The power rule is a fundamental technique in calculus used for differentiating functions that are powers of a variable. It tells us how to easily compute the derivative of functions like \( t^n \). For a function \( s(t) = 16t^2 \), the power rule states that \( \frac{d}{dt}[t^n] = nt^{n-1} \). This means, to find the derivative of \( t^2 \), you multiply by the exponent 2, and then decrease the exponent by one, giving you \( 2t^{1} = 2t \). For our distance function, multiplying by the coefficient 16 gives us the derivative \( 32t \). Using the power rule allows for swift differentiation, which is crucial for efficiently solving physics and calculus problems.

The distance function in our context describes how far the baseball falls over time. It is expressed as \( s(t) = 16t^2 \), where \( s \) is the distance in feet and \( t \) is the time in seconds. This specific form, \( at^2 \), relates to freely falling objects beginning at rest under the influence of gravity, where the coefficient typically reflects half of the gravitational acceleration, which is approximately 32 feet per second squared on Earth. Thus, the 16 in our equation highlights the gravitational effect halved, making it apt for scenarios like dropping objects to track their descent over time. Understanding this function is critical as it provides a foundation upon which we apply calculus techniques to gain deeper insights like differentiating to find velocity.

Velocity calculation involves determining how quickly something moves, considering direction. Calculus provides tools to find the instantaneous velocity of an object by taking the derivative of its distance function with respect to time. In our instance, the distance function is \( s(t) = 16t^2 \).
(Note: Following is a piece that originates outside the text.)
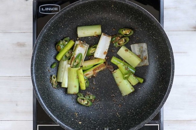 5. 팬에 기름을 두르고 다진 마늘, 대파,
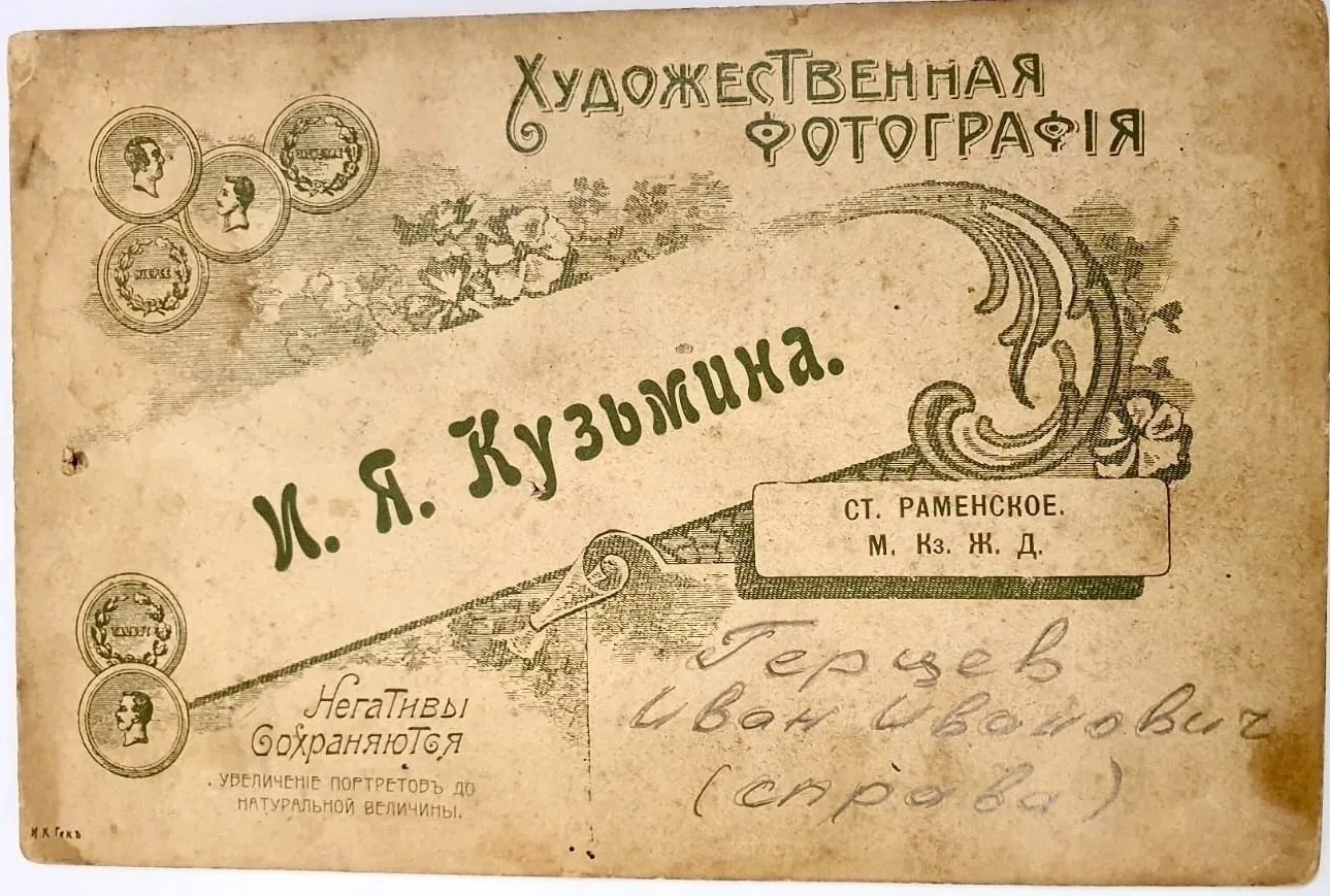 Справа: Иван Иванович Герцев (1889-1948 гг.). После войны Иван вернулся в г. Раменское, жил в своём доме на ул. Центральная, служил в РЖД.

By differentiating, we obtained \( v(t) = 32t \), which represents the velocity function. To find the instant velocity at a specific time, say \( t = 3 \), we substitute into the equation: \( v(3) = 32 \times 3 = 96 \) feet per second. This calculation is crucial, as it tells us the speed of the baseball at that very moment, helping us understand dynamic motion in real-time. So, the next time you watch a ball drop, remember this simple yet powerful calculation.